- **EXERCISE DESCRIPTION**
The whole listing, apart from its images, should be restated word for word.

- **AVAILABLE DATA**
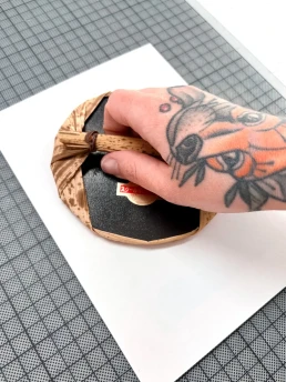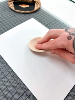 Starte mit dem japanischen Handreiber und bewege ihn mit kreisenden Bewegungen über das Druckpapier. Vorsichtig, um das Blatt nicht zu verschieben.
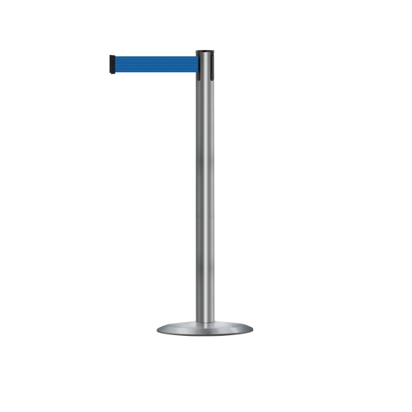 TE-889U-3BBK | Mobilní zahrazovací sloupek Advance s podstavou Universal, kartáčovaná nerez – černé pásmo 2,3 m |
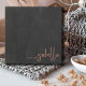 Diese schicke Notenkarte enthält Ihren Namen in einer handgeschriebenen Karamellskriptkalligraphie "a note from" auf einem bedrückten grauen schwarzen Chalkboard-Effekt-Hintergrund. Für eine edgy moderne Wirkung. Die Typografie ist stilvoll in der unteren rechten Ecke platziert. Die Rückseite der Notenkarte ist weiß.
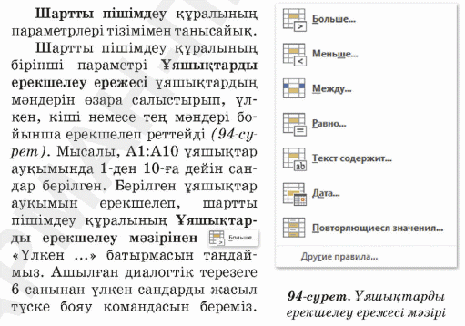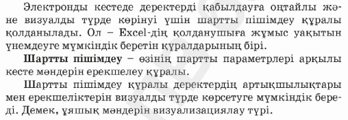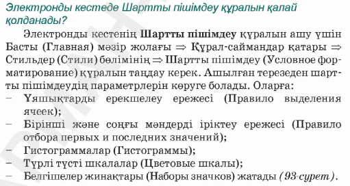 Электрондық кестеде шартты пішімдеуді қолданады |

- **RESPONSE**
 Starte mit dem japanischen Handreiber und bewege ihn mit kreisenden Bewegungen über das Druckpapier. Vorsichtig, um das Blatt nicht zu verschieben.
 TE-889U-3BBK | Mobilní zahrazovací sloupek Advance s podstavou Universal, kartáčovaná nerez – černé pásmo 2,3 m |
 Diese schicke Notenkarte enthält Ihren Namen in einer handgeschriebenen Karamellskriptkalligraphie "a note from" auf einem bedrückten grauen schwarzen Chalkboard-Effekt-Hintergrund. Für eine edgy moderne Wirkung. Die Typografie ist stilvoll in der unteren rechten Ecke platziert. Die Rückseite der Notenkarte ist weiß.
 Электрондық кестеде шартты пішімдеуді қолданады |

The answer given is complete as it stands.